Стоило ей принять горизонтальное положение и натянуть плед, как веки сами собой сомкнулись, а сознание стало медленно погружаться в знакомый мозаичный мир: аэропорт, Потюня с фотоаппаратом, длинноволосая блондинка… Вот только почему-то за рулем черного внедорожника Ладышева…

«Причем здесь он? И почему джип? — засопротивлялось подсознание, заставив вынырнуть из параллельного мира. — У нее ведь „Опель“! Золотистый! И как быстро Виталик в нем освоился! Помнится, полгода назад он ездил по делам в Вильнюс, а заодно помогал кому-то перегонять из Литвы именно золотистый „Опель“! Мол, виза у него многократная, хороший человек попросил. На три дня застрял — не успели оформить сделку в субботу. И меня с собой не взял, хотя я просилась. Значит, и там засветилась Анастасия Сергеевна. Н-да, охотница Мурлен-Мурло далеко пойдет, была бы поставлена цель. Как бы ни обольщался на свой счет Виталик, каким бы ни казался себе обаятельным сексуальным гигантом, ей нужен совсем не он, а то, что к нему прилагается: положение, деньги… И ведь таких вот Муркиных — пруд пруди! Никаких принципов — только желание получить все и сразу! Обидно и за себя, и за других жен. А мужиков жалко: не понимают, что подобные шалости отнимут у них гораздо больше, чем принесут! Эх, Виталик, Виталик… Ты был для меня не просто мужем, ты был другом, — тяжело вздохнула Катя. — А ведь как в свое время возмущался поведением соседки по старой квартире!»

Пять лет назад на глазах Проскуриных развалилась семья соседей по лестничной площадке. И в какой-то степени они оказались к этому причастны. Вернее, Катя.

А ведь познакомились при замечательных обстоятельствах. Через год после свадьбы Проскурины купили крохотную хрущевку-двушку. После подписания договора у нотариуса и полного расчета с продавцом они на радостях позвонили Замятину и пригласили посмотреть новое жилище. Заодно поинтересовались, родила ли жена, которую тот утром отвез в больницу. А через час уже поздравляли Анатолия: у него родился сын.

Так как своего угла в то время у Замятина еще не было, а отметить пополнение в семье полагалось, вскоре в пустую квартиру Проскуриных набилось столько общих друзей, что яблоку негде было упасть. Прямо на кухонном подоконнике попытались устроить импровизированный стол, да вот беда: у новоиспеченных хозяев ни ножа, ни штопора, ни посуды. По старой студенческой привычке пошли по соседям, и первой дверь открыла Люся. Она сидела в декретном отпуске и, пока годовалый малыш спал в кроватке, битый час с любопытством наблюдала в глазок за противоположной квартирой.

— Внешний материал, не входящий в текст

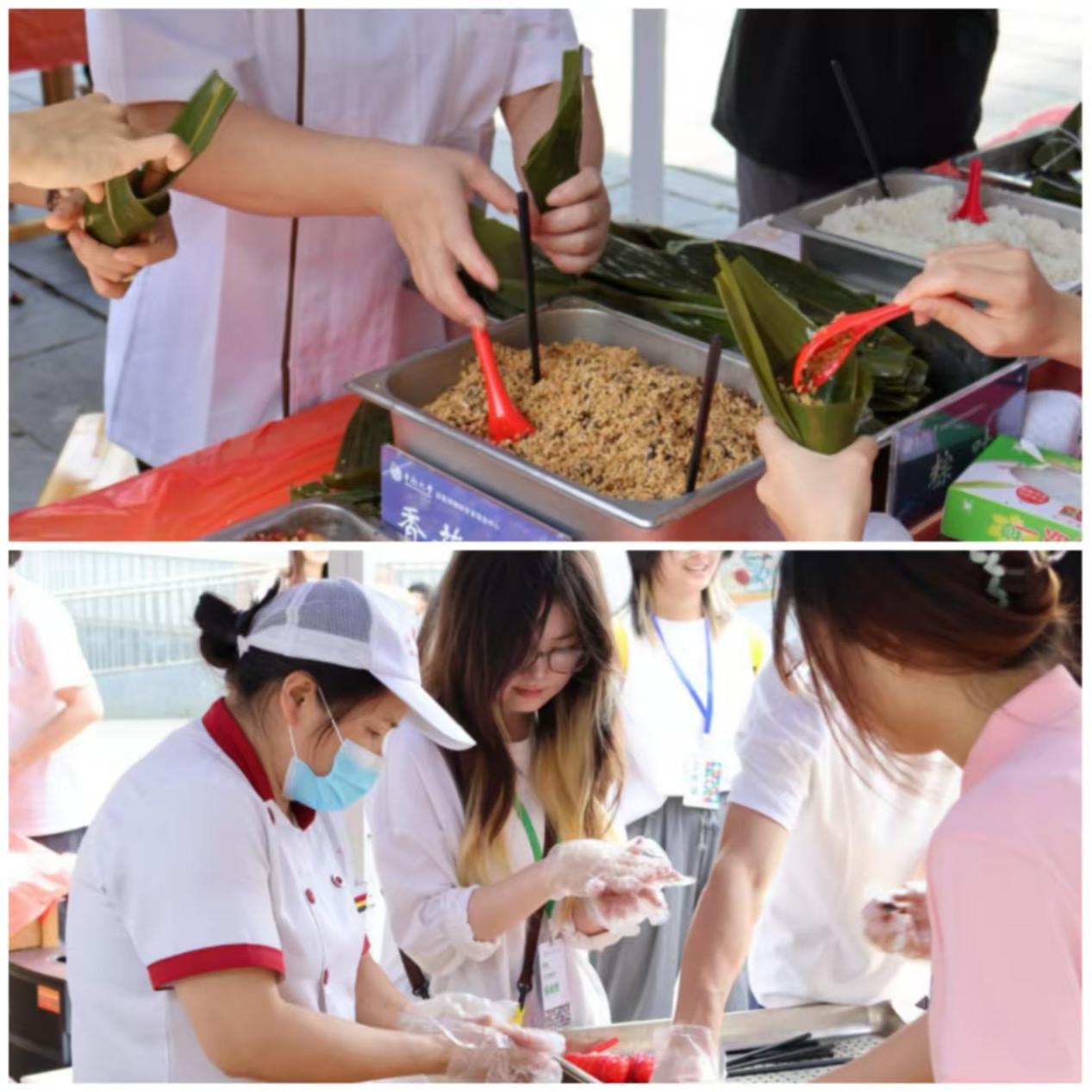 本次游园会特别设置了爱心传递环节,师生们亲手包制的数百枚粽子经志愿者蒸煮后,被分装成礼盒,赠送给后勤职工、安保人员等坚守岗位的校园工作者。食堂工作人员李阿姨在接过粽子时表示:“没想到能收到同学们包的粽子,这个端午节特别暖心。”安保人员张师傅也感慨,粽子虽小,却让他们感受到了师生们的尊重与关怀。这一环节不仅传递了节日的温暖,也深刻体现了端午团圆文化的内涵,彰显了中南师生感恩奉献、关爱他人的精神风貌。
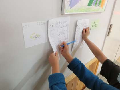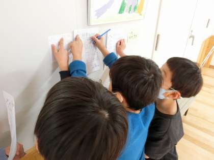 給食委員会が考えてくれた「給食ラリー」が始まりました。子どもたちに記入用紙を配ると,さっそく休み時間に取り組んでいました。校内の階段やオープンスペースに貼られている絵を探しながら,友達と楽しそうに必要な言葉や数字を用紙に書き込んでいました。
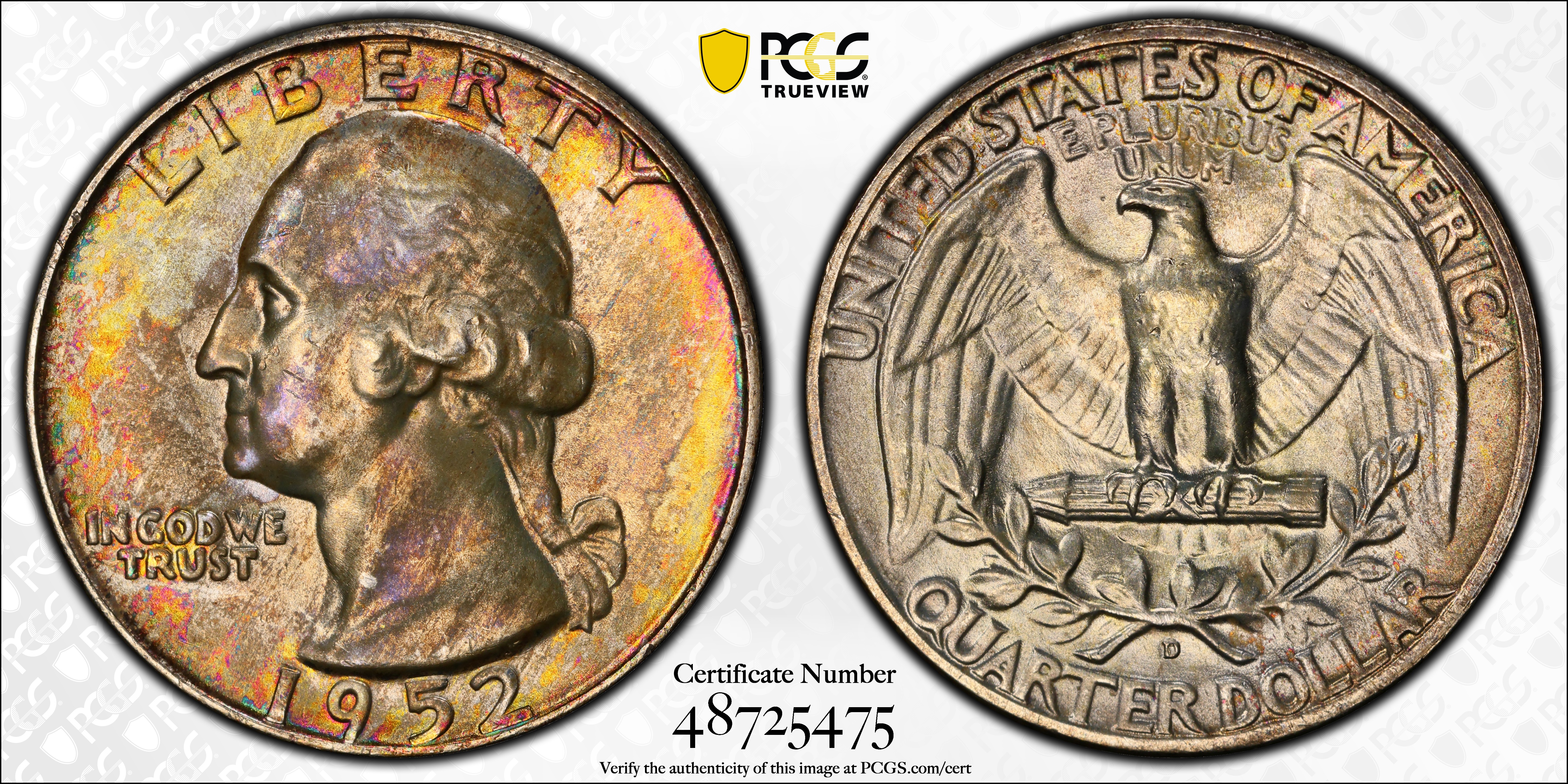 1952-D 25C MS66 认证号48725475, PCGS号5850

Как оказалось, шумная компания позвонила в нужную дверь и в нужное время: появились и тарелки, и рюмки, и штопор, и даже магнитофон с кассетами! К вечеру к ним присоединился Люсин муж Николай, который искренне обрадовался появлению новых соседей: молодые, веселые, такие же, как он, предприимчивые. Виталик со студенческой скамьи торговал стройматериалами, сосед, как выяснилось, специализировался на бытовой технике. А то ведь в их подъезде обитали практически одни пенсионеры!

Компания разошлась далеко за полночь. Счастливые и довольные Проскурины улеглись на полу на туристических ковриках и долго не могли уснуть от перевозбуждения: как же им сказочно повезло! И с жильем, и с соседями!